Горький отклик: «За что? О, за что?» ―

Кто-то тихо сказал: «Ты не можешь простить,

Плачь в душе, но упреков не шли.

Это гордость в себе свое горе носить!» ―

И сожгла я свои корабли…

Кто-то дальше шептал — «В сердце был огонек [103],

Огонькам ты красивым не верь!» ―

И за этот за горький, тяжелый урок

Я скажу Вам — спасибо теперь.

Только грустно порою брести сквозь туман,

От людей свое горе тая, ―

Может быть, это был лишь красивый обман,

И не знаю, любила ли я…

_____

И Вы в свою очередь, Петя, не смейтесь. Ведь очень легко можно сказать Вам: «Вот сентиментальная девица. Почти что признание в любви!» — На что отвечу: это дело прошлое. Стихи эти написаны под впечатлением обиды и живым воспоминанием о Вас, каким я знала Вас в Орловке. Теперь всё изменилось. Не то чтобы ссора наша отдалила нас друг от друга, а все-таки есть что-то. Вы и сам верно это чувствуете. Согласны ли Вы? ―

Ну так вот, Вы не смейтесь. А все-таки мы пожалуй еще будем друзьями, и близкими. Мне отчего-то так кажется. О многом поговорим, когда увидимся и если увидимся.

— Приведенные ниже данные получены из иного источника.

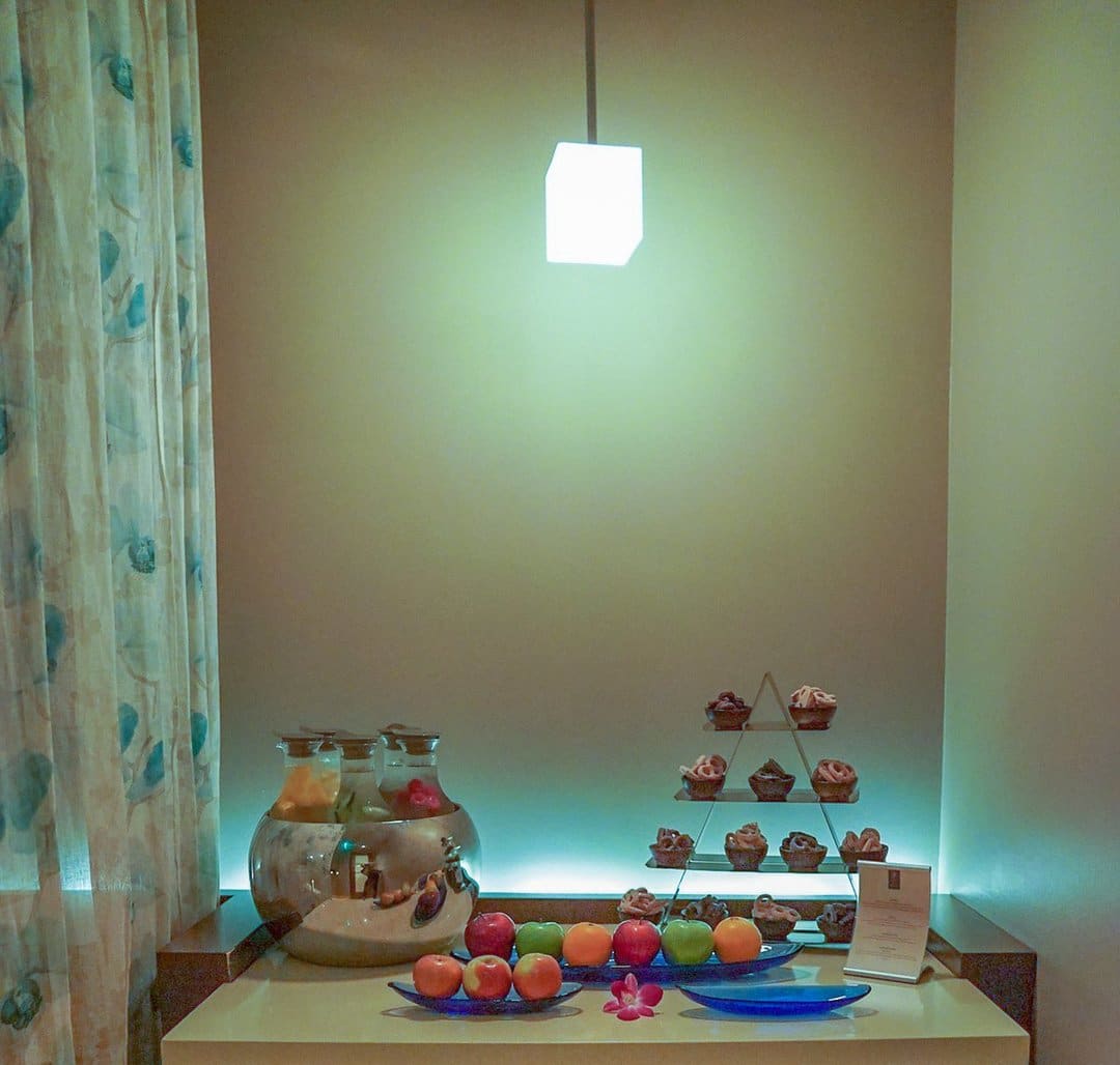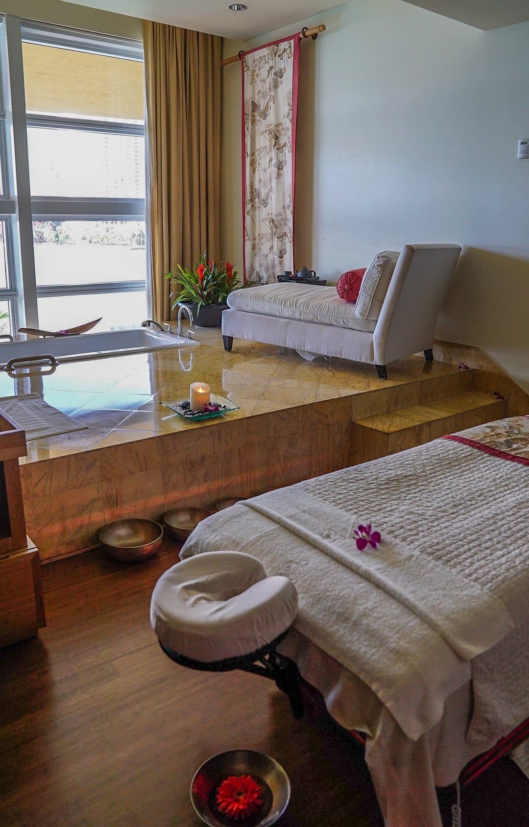 The spa off of the pool area is deceptively large and multi-storied. The “penthouse” level of the spa houses the specialty spa suites for couples, Thai and Shiatsu massage, and other fusion hydrotherapy treatments that involve tub soaks and showers.
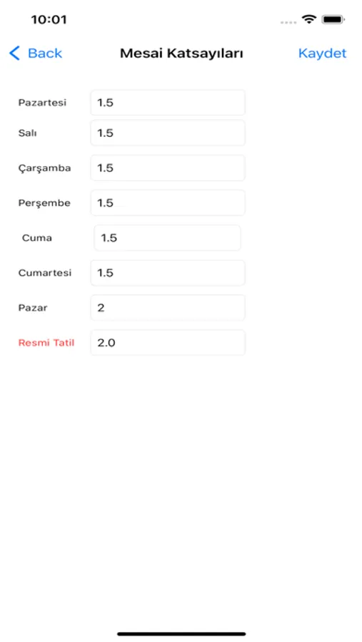 Ayarlar menüsündeki katsayı seçeneklerini kendinize göre değiştirebilirsiniz.
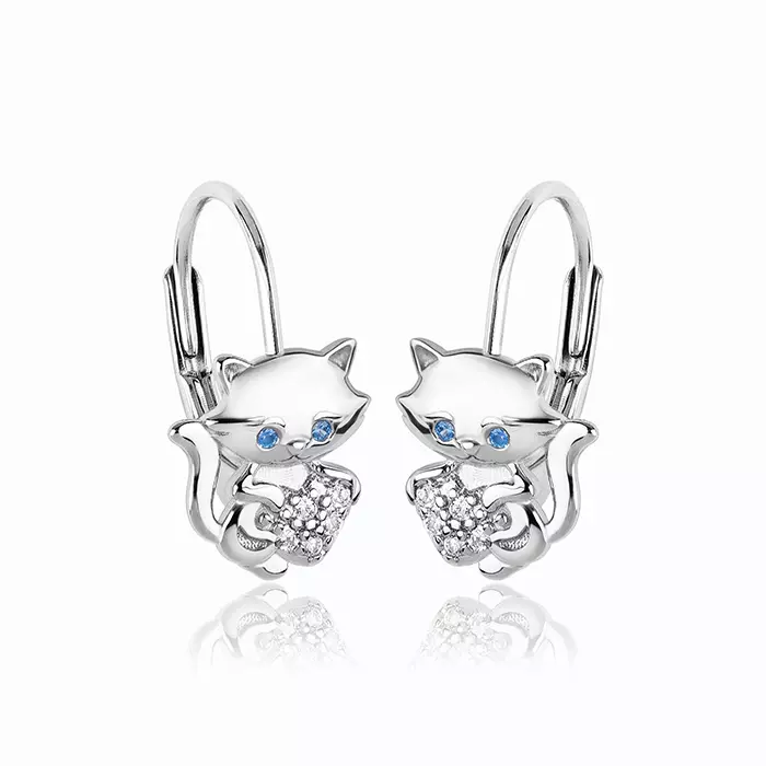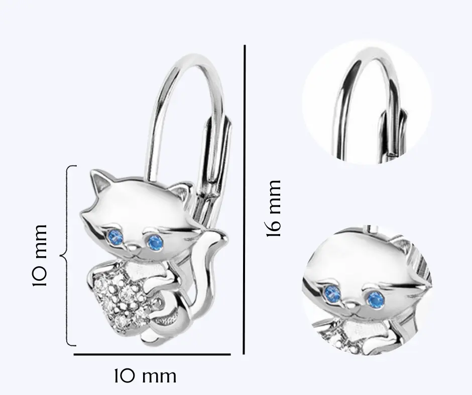 Srebrne Kolczyki dla dziewczynki kotki rodowane angielskie
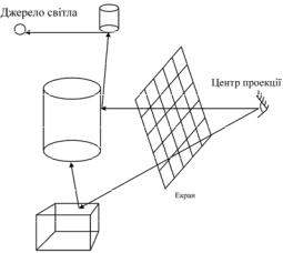 1. Джерела світла випромінюють промені в усіх напрямках і ці промені простежуються доти, доки не потраплять в екран. В процесі відслідковування обчислюються зміни інтенсивності і напрямку променя.
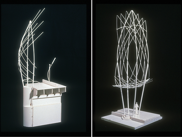 Vicki Scuri SiteWorks’ early projects are characterized by a strong sense of physical and visual experientially. Physical models, built in paper and board, gave a 3D representation of the plans and allowed for exploration of form and pattern. Making a model can tell so much more than a drawing alone. Spatial relationships are important to our projects, which are always integrated into larger sites. Dreamy Draw Pedestrian Bridge, above and below, shows how a model can help fit a project to its site better. The ramps, walls and railings were all modeled physically and the final project was built to reflect design of the model.

Какое впечатление осталось у Вас от моих этих стихов? Пишите.

Соне передайте от меня, что «Лева [104] в Москве». ―

Ну, до свидания.

Хорошо бы, если зимой началось что-нибудь! Так жить нельзя, копаться в своей душе вечно — значит лишить себя всякой радости. Поменьше комнатной жизни! —


Впервые — Новый мир. 1995. № 6. стр. 132–133 (публ. О.П. Юркевич). СС-7. стр. 724–725. Печ. по тексту первой публикации.

11-08. П.И. Юркевичу

Какая у меня сейчас отчаянная тоска, Понтик! Осень, колокольный звон, сознание, что лучшее время уходит без радости. Вы вот говорите о том, что я слишком много занимаюсь своим «я». А откуда взять внешние события, когда их нет? Ходить в гости? Но это мне доставляет гораздо больше мучения, чем радости. Кто-нибудь пошутит, так себе, без всякого умысла, а я потом думаю, думаю об этой фразе, выворачиваю ее во все стороны, пока не додумаюсь до того, что всем на меня наплевать и пр.

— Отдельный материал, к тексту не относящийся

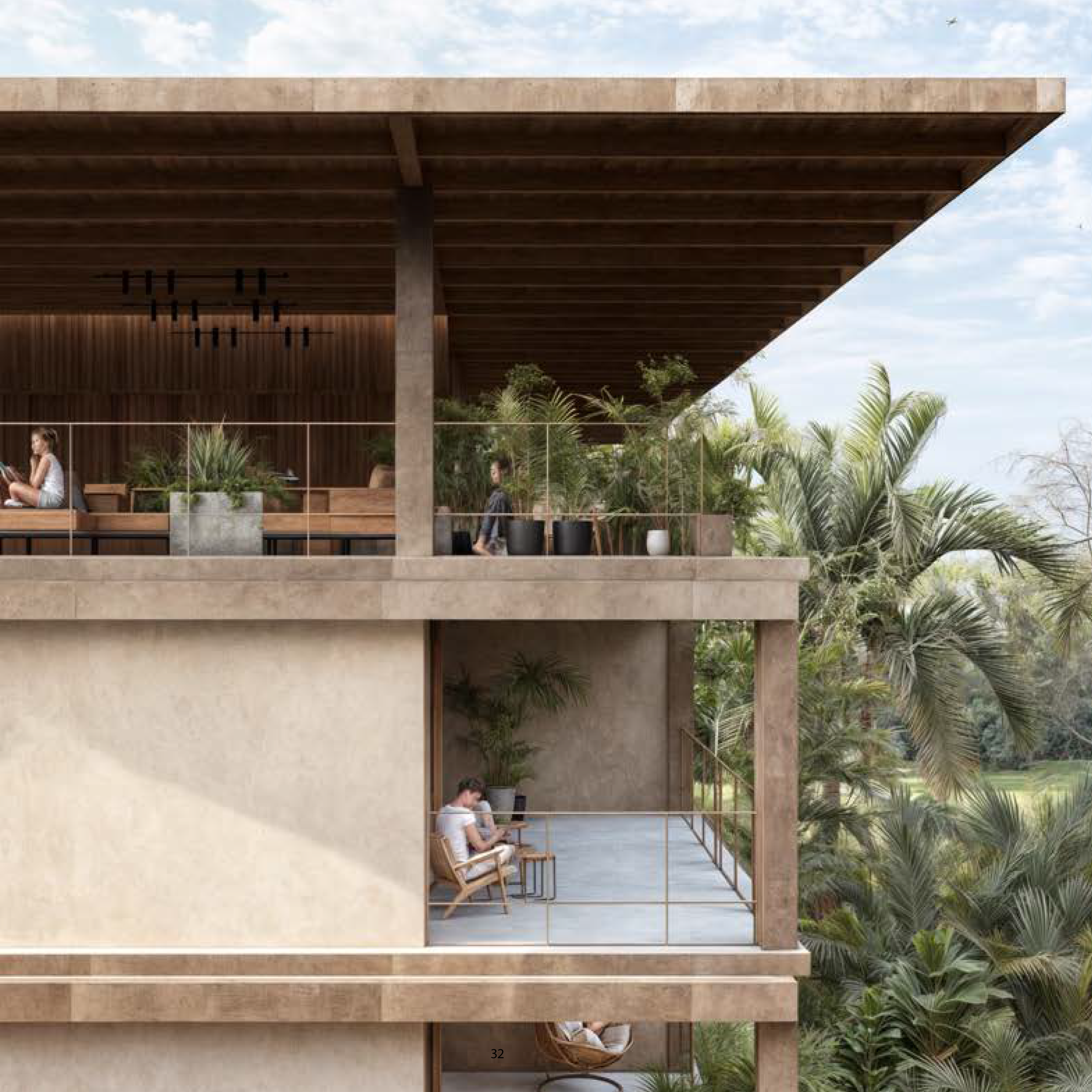 • Open interior-facing façade enhances ventilation and maintains comfortable temperatures year-round.

Бывают у меня минуты, когда мне хочется, чтобы меня пожалели. Под таким настроением (опять-таки только настроением) вылилось у меня след<ующее> стихотворение, к<отор>ое Вы найдете на 2-ой стр<анице>.

Я сама знаю, что не надо так возиться с собой. Да если бы теперь началось «что-нибудь», разве я бы стала хандрить? При одной мысли о возможности революции у меня крылья вырастают. Только не верится что-то.

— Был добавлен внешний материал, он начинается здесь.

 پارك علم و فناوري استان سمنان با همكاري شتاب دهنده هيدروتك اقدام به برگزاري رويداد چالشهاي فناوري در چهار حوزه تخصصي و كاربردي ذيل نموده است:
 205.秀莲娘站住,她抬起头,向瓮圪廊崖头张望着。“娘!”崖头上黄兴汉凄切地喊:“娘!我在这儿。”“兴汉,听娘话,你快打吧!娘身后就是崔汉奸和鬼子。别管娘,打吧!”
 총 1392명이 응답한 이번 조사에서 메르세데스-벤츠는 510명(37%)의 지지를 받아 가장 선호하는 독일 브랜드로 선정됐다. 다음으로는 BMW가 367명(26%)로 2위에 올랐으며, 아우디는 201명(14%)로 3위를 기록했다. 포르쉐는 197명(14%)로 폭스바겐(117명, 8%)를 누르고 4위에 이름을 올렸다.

Гляжу сейчас на поблекший хмель на стенах сарая, на безучастные крыши домов, на небо без просвета, без голубого клочка… А где-то солнце, цветы, где-то люди смеются.

Ну, слушайте стихи.

В ожидании ответа на мое «покаянное» письмо [105].

Вы простите, я знаю, мы встретимся дружно

И не будем смеяться намеками зло,

Но о том, что казалось так близко, так нужно,

Не смогу я сказать — ведь так много ушло!

Эта грустная мысль уж меня не тревожит,

Вспыхнет вновь ли костер, что горел в темноте? {8}

Будут новые искры, и лучше, быть может,

Будут новые искры, но только не те.

Это рок. Человеческой жизни тоска в нем.

Помню всё, и порывистый наш разговор…

Вспоминаю о нем как о милом, о давнем,

Хоть немного недель промелькнуло с тех пор.

Если все это было не призрачным словом.

Что читалось под солнцем июльского дня.

Снова вспыхнет тоска, и в доверии новом

Я приду и скажу: «Пожалейте меня!» [106]

_____

В одном из Ваших писем, Понтик, Вы спрашиваете, откуда я беру данные для пессимистического мировоззрения. Ну хотя бы из такой хандры, к<отор>ая иногда длится несколько дней подряд.

Из гордости не лезу к людям за участием («а ко мне лезешь» дополните Вы), а сами приласкать не догадаются. Малейшая шутка так бесит, так обижает, что иногда даешь себе волю и говоришь, что попадется на язык. Разумеется, уж не нежное.

Конечно глупо обвинять мир в том, что мне скверно, да я и не обвиняю, но невольно общие выводы окрашиваются в черный цвет, или в серый, это верней. Это всё очень банально, что я говорю.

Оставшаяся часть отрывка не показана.